Whenever you hear the term AI, you must think about the data behind it.
In this post, I am sharing a collection of open source data sets available, to actually train the Machine Learning model to perform various actions.
A data set is a collection of data. In ML projects, we need a training data set.
1. Xray-Images
- https://ceb.nlm.nih.gov/repositories/tuberculosis-chest-x-ray-image-data-sets/
- https://www.kaggle.com/nih-chest-xrays
- http://academictorrents.com/details/557481faacd824c83fbf57dcf7b6da9383b3235a
- https://nihcc.app.box.com/v/ChestXray-NIHCC
2. US Government
- Data.gov
- NOAA – ncfc.noaa.gov/cdo-web (motions, inflation, environmental data)
- US Census Data – census.gov/data.html (demographics)
- Bls.gov/data – (employment/un-employment, product categories)
3. UK Government
- UK Dataservice – www.ukdataservice.ac.uk (census data)
- WorldBank – datacatalog.worldbank.org (census, demographics, geographic, health, income, GDP)
- IMF imf.org/en/Data (economic, currency, finance, commodities)
- OpenData.go.ke
- Data.world
Find your Fun Application ideas using these dataset:
- Kaggle.com/datasets (variety)
- snap.stanford.edu/data/web-Amazon.html (35 Million product reviews)

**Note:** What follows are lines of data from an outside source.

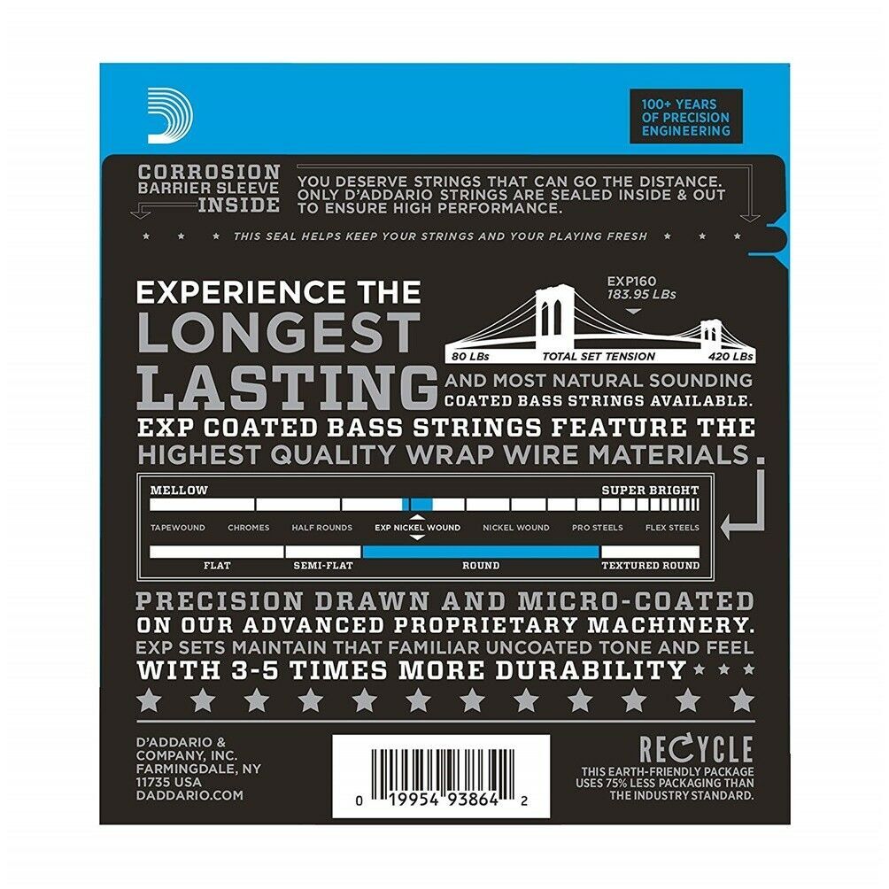EXP160 delivers all the tone and performance of our popular EXL160 bass set, offering the ideal combination of bright, booming tone and light, comfortable feel with 4 times more string life. Fits long scale basses with a string scale length of up to 36 1/4 inches.
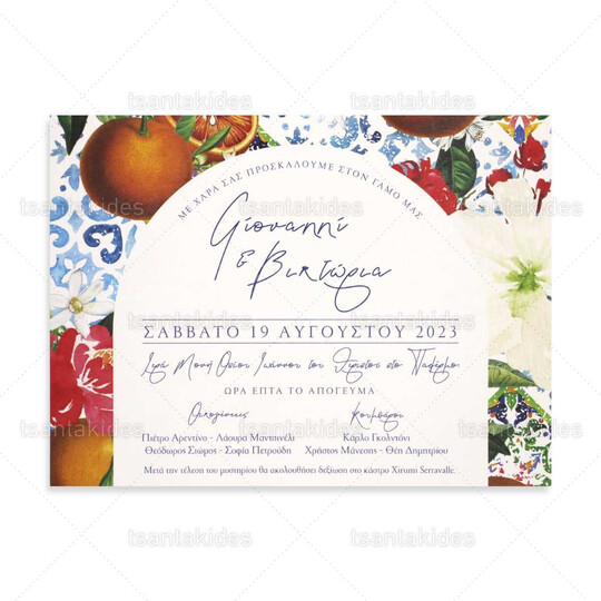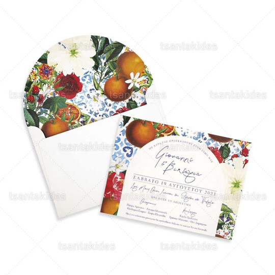 Προσκλητήριο γάμου εκτυπωμένο με θέμα Sicilian Wedding
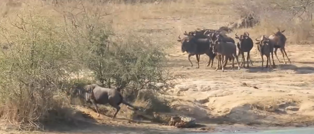 如果角马没有离开的话,河马很可能也会像对待鳄鱼一样对待角马。
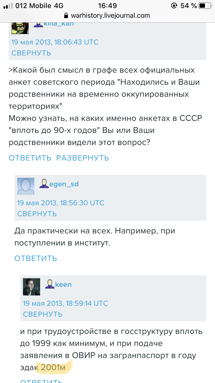 Цитата (Pampa @ Дек 8 2019, 15:46) Говорят 70 миллионов оказались в оккупации. Но тут такой вопрос, до какого года в анкетах присутствовал вопрос о нахождение на оккупированных территориях или о наличии таковых родственников? В некоторых местах до 2001 как минимум ![]() https://warhistory.livejournal.com/2342795.html -------------------- Zа макееVский рОдничок
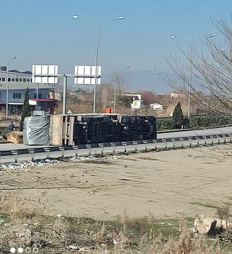 Denizli’de virajı alamayan saman balyası yüklü tır, sürücüsünün kontörlünden çıkarak devrildi. Yoldan kaldırılan balyalar başka bir tırla götürülürken, sürücü kazayı yara almadan atlattı.
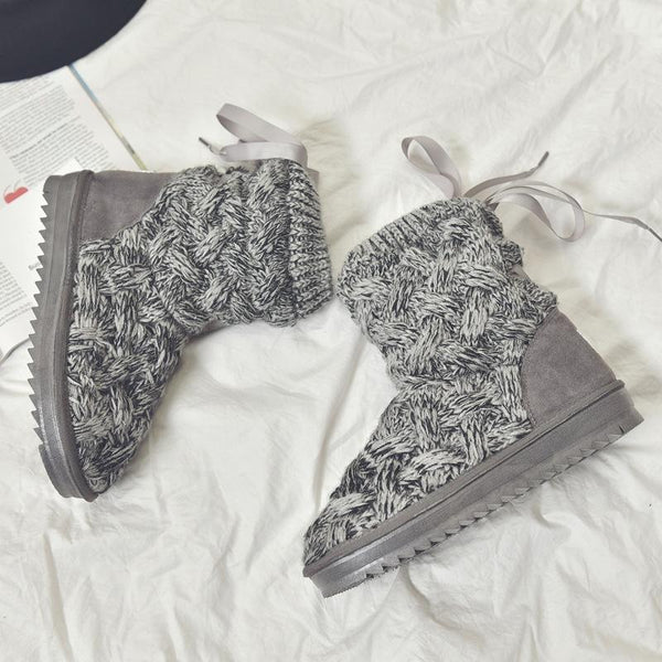 A1 Autumn and Winter Knitted Wool Fleece Thickened Non-slip Boots, Size: 36(Grey)
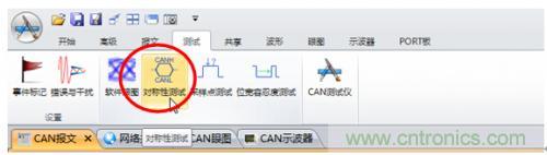 5. 為了精準測試CANH+CANL的電壓值,需要使用對稱性測試功能,如圖6所示,在“測試”中點擊啟動“對稱性測試”。
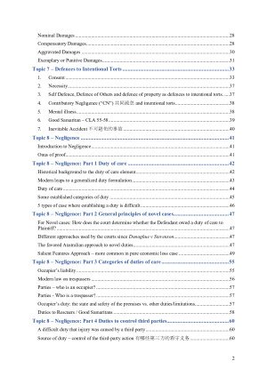 The preview of the notes includes some pages from each of these parts. The notes are the result of all the readings, lecture notes, academic articles and others notes I was able to read. The topics include: - Scope of tort law - Historical background of tort law - Trespass to the person - Action on the case for wilful injury - The statutory action for psychiatric injury to relatives of victims of intentional wrongs - Damages for intentional torts to the person - Invasion of privacy as a tort - Defences to intentional torts - Negligence: duty of care - Negligence: breach of duty - Causation and remoteness of damage/scope of liability - Defences to negligence - Assessment of damages for personal injuries - Vicarious liability and non-delegable duties in negligence - Joint and several liability for personal injury; contribution rights - Compensation to 3rd parties following injury to or death of the primary victim
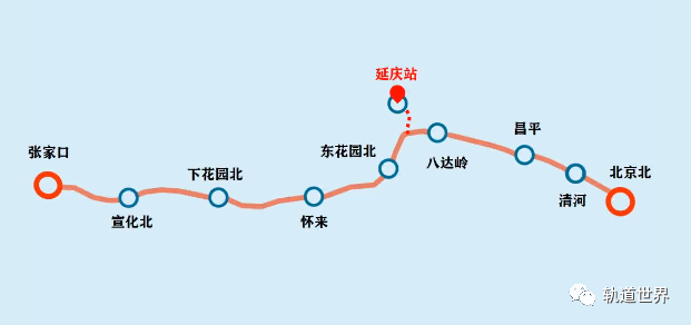 京张高铁延庆线自京张高铁八达岭西线路所引出,终点至既有延庆站,线路全长9.33公里,设计速度为160公里/小时,设延庆站1座车站。
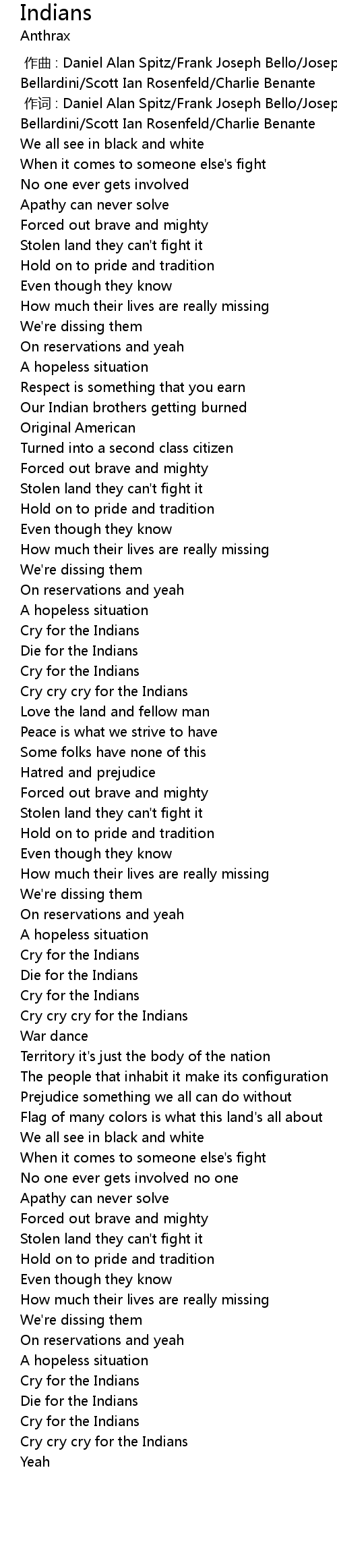 | [00:01.000] | 作词 : Daniel Alan Spitz/Frank Joseph Bello/Joseph Bellardini/Scott Ian Rosenfeld/Charlie Benante |
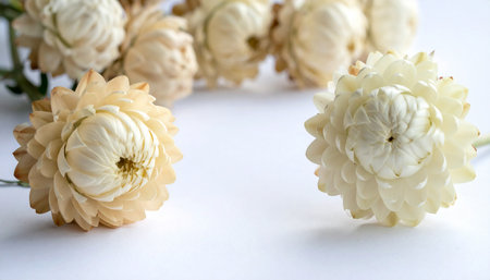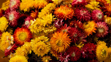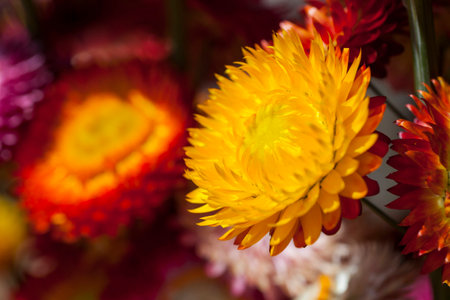 Colorful everlasting daisies arranged in a still life against a neutral background
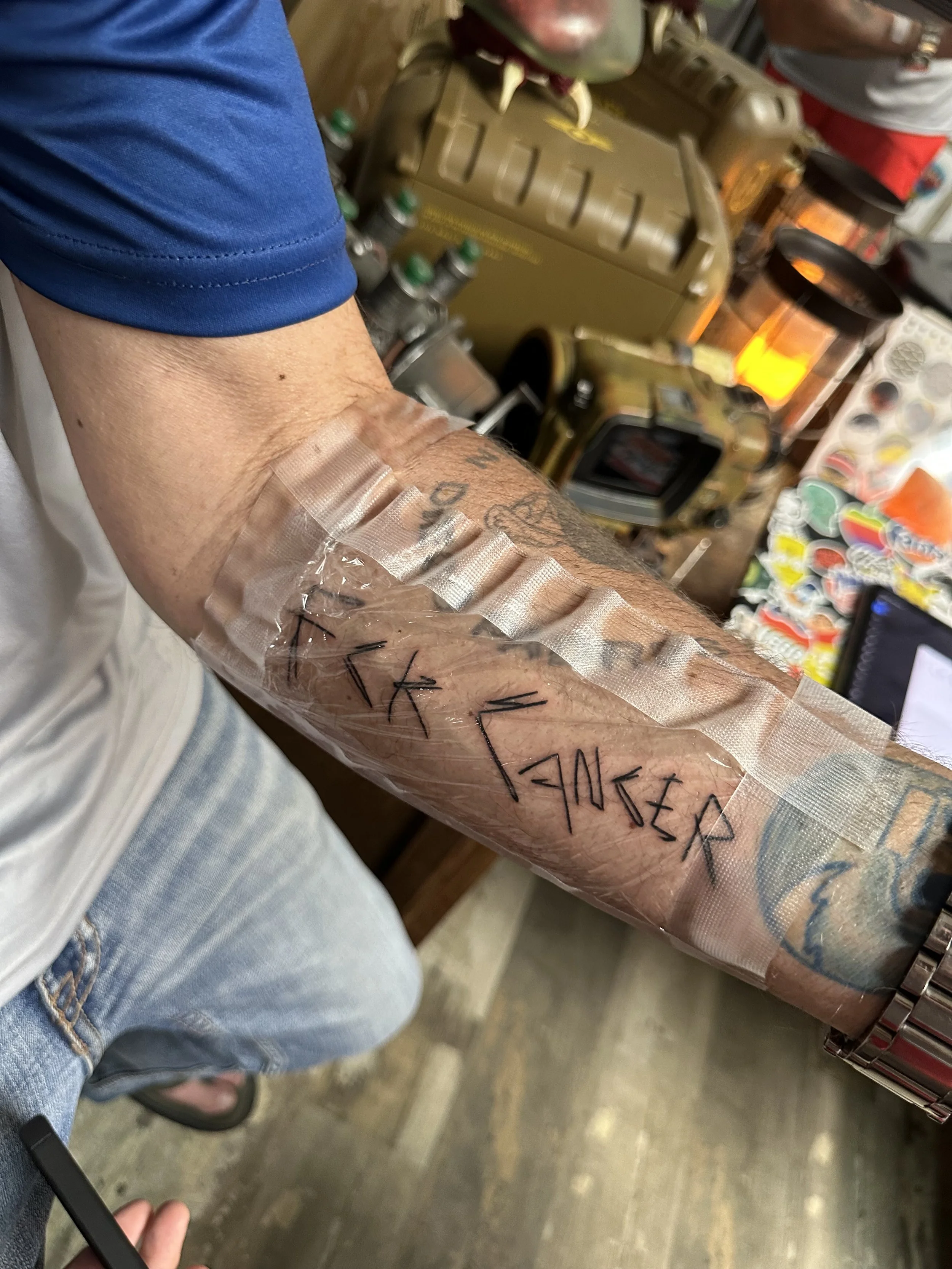 In 2023, Sean was diagnosed with colon cancer, which tragically spread to his liver and lungs. However, he never lost his spirit. After helping his team secure their first championship ring in Austin, Texas, we found ourselves in a tattoo shop waiting for a friend. As we waited, he grabbed a pen, wrote something on his arm, and remarked, “I’m gonna see how long this takes.” After speaking with an artist, he was committed. Without hesitation, I knew that this would be my first tattoo. I followed his lead, and soon after, two more friends joined in.
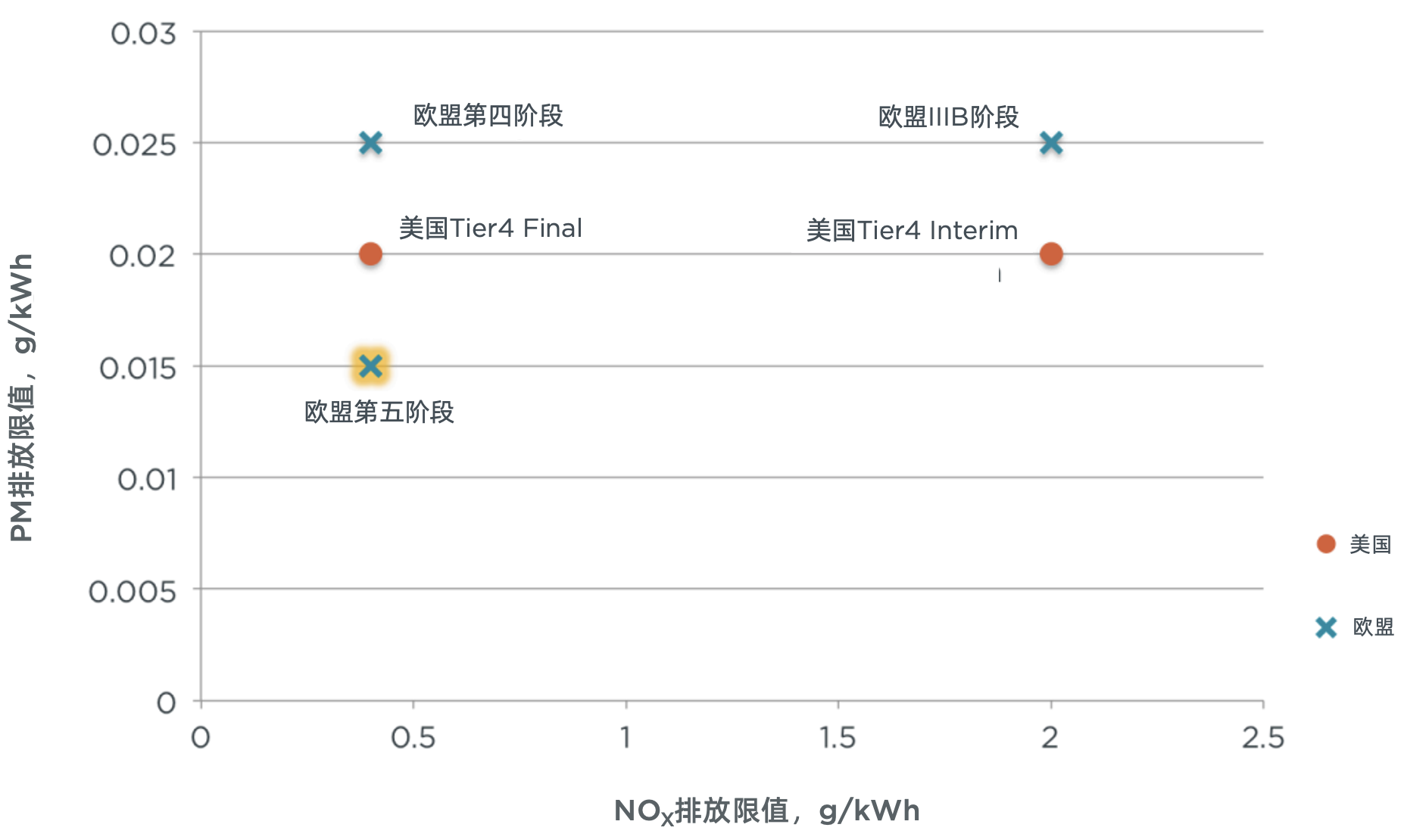 在第一和第二阶段标准下,发动机排放测试采用ISO 8178 C1标准中的8工况循环进行测量,单位为克/千瓦时(g/kWh)。测试所使用的燃油含硫量为0.1%–0.2%(质量百分比)。

- Group lens.org/datasets/movielens (20M MOVIE ratings)
Yelp.com/dataset - IMDB – ai.stanford.edu/~amaas/data/sentiment/ (25M Movie ratings)
- Twitter Sentiments – help.sentiment140.com/for-students (160k Tweets)
- AirBnb – insiderairbnb.com/get-the-data.html
- UCI ML Datasets – mar.cs.umass.edu/ml
- EMAIL dataset – cs.cmu.edu/~enron/ (500k Emails)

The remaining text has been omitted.